Strengths and limitations

To date, this is the first physiological study in an ICU population that evaluates the differences in MP, dissipated energy, and detailed ventilation distribution between FCV and PCV with the use of intratracheal pressure and flow sensors and EIT. This overcomes methodological limitations of previous work and creates new evidence for FCV as a novel ventilation mode. However, our study does have some limitations that should be mentioned. First, upon reviewing preliminary data during the study, we changed our primary endpoint from the difference in end-expiratory lung impedance (EELI) to a more robust measure of the MP as derived from PV loops. Of note, the changes in EELI that were likely the result of fluid management in our specific population did not affect the computation of other EIT parameters. Second, we did not randomize between a ventilation sequence, which could have resulted in order effects and the influence of slow recruitment of partly collapsed lungs postoperatively; this may affect results in favor of FCV (more efficient gas exchange). However, by performing a decremental PEEP trial before the start of the study we expect that fast recruitment took place before measurements started. We explored the significance of this potential order effect by analyzing the minute volume and EtCO2 of the 5 patients that were additionally enrolled for undergoing EIT measurements during PCV only, and found that minute volume decreased by only 7% in those patients after 90 min of PCV (from 7.7 to 7.2 L/min), with stable ETCO2 values. This is in large contrast with the 40% reduction in minute volume that we found with optimized FCV. Third, by increasing tidal volumes during FCV optimization the ventilatory efficiency increased (i.e., the ratio of ventilatory dead space to tidal volume decreased); this could partly explain the decrease in MP in our study. Indeed, Haudebourg et al. [23] found a reduction in MP of 7% when ventilating patients with 7.7 mL/kg IBW (using a low driving pressure strategy that required an increase in tidal volume), as compared to using low tidal volume ventilation (6.1 mL/kg IBW), both in PCV mode. In contrast, the MP decreased with 30% during optimized FCV in our study. Although our tidal volumes during optimized FCV were slightly higher (8.4 mL/kg IBW), there is likely an additional mechanistic effect of the FCV mode on decreasing the MP (i.e., not explained by the increase in tidal volume alone).

Clinical implications

Our study was performed in postoperative ICU patients with relatively healthy lungs, with degrees of atelectasis primarily influenced by the surgical procedure and cardiopulmonary bypass time instead of lung disease. We choose this population as we first wanted to systematically evaluate the concept and physiological consequences of the FCV mode prior to moving toward ICU patients with hyperinflammatory and heterogeneous lungs. The role of FCV in such population and within a lung-protective ventilation strategy in ARDS is yet unknown and of further ongoing study (see Clinicaltrials.gov: NCT06051188).
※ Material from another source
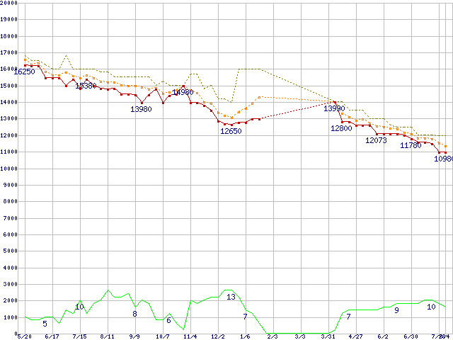※このグラフは過去のデータも税率5%相当に調整した税込み相当額のグラフです。 税率変更や、総額表示方式導入(2004年4月)の影響は除いています。 | | | ●凡例 | 最安値 (点線部は販売店未確認 または未調査) | 平均値 | 最高値 | ショップ数 |
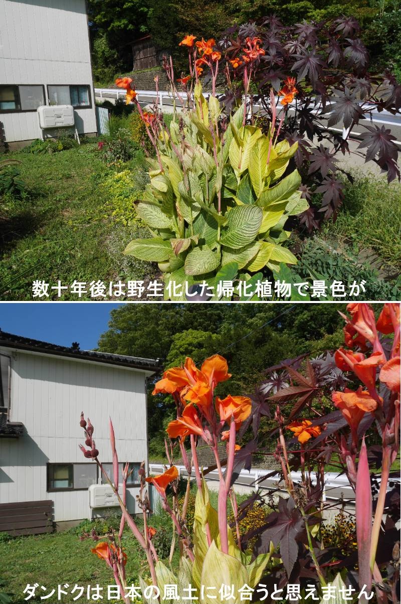 多種多様な外来しょくぶつが庭に植えられ、数十年後には完全帰化し野生化するのでしょうね!!ダンドクは熱帯アメリカ原産のカンナ科の植物で、コロンブスがアメリカを発見した後、タバコ、マリーゴールド、ヒマワリと共に16世紀中にはやばやとヨーロッパに導入された植物のひとつです。日本には江戸時代初期に入ってきましたが、現在では薩南諸島から沖縄まで分布しています。古くから広くアジアなどで栽培されてきた植物ですが、広範囲で野生化しています。草丈1mほどで茎は円柱状で直立し、長さ30~40cmの葉を互生して出します。花は、赤色から黄色の花弁化した雄しべが3個あり、そのうち1個に葯がつきます。https://www.ji3.biz

A point of debate is the acceptation of higher tidal volumes (and driving pressures) in an ARDS population, considering the current guidelines with tidal volumes limited to 4–8 mL/kg IBW [24]. However, ARDS guidelines are based upon research in an era where FCV was not clinically available. With our work we would rather stimulate discussion and potentially a mindset change to the general approach to mechanical ventilation: not primarily focusing on tidal volumes and driving pressures, but increasingly considering viscoelastic properties of the lung tissue, the time it takes to achieve a certain tidal volume, and the potential benefit of additionally controlling the expiratory phase.
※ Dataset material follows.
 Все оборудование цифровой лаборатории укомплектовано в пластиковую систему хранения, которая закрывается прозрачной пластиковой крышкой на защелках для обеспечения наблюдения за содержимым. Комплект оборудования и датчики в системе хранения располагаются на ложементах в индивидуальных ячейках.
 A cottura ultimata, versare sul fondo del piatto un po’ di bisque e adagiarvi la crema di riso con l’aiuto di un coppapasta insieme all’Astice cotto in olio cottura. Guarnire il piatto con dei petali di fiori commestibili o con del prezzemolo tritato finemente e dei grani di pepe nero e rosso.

In conclusion, optimized FCV as compared to PCV in postoperative cardiothoracic surgery ICU patients resulted in a significantly lower MP and dissipated energy, as well as in a more homogeneous spatial ventilation distribution with increased participation of the dorsal lung regions. The current study provides a good rationale for assessing the role of FCV in ARDS patients where high MP and alveolar heterogeneity resulting in VILI are still major contributors to ICU morbidity and mortality.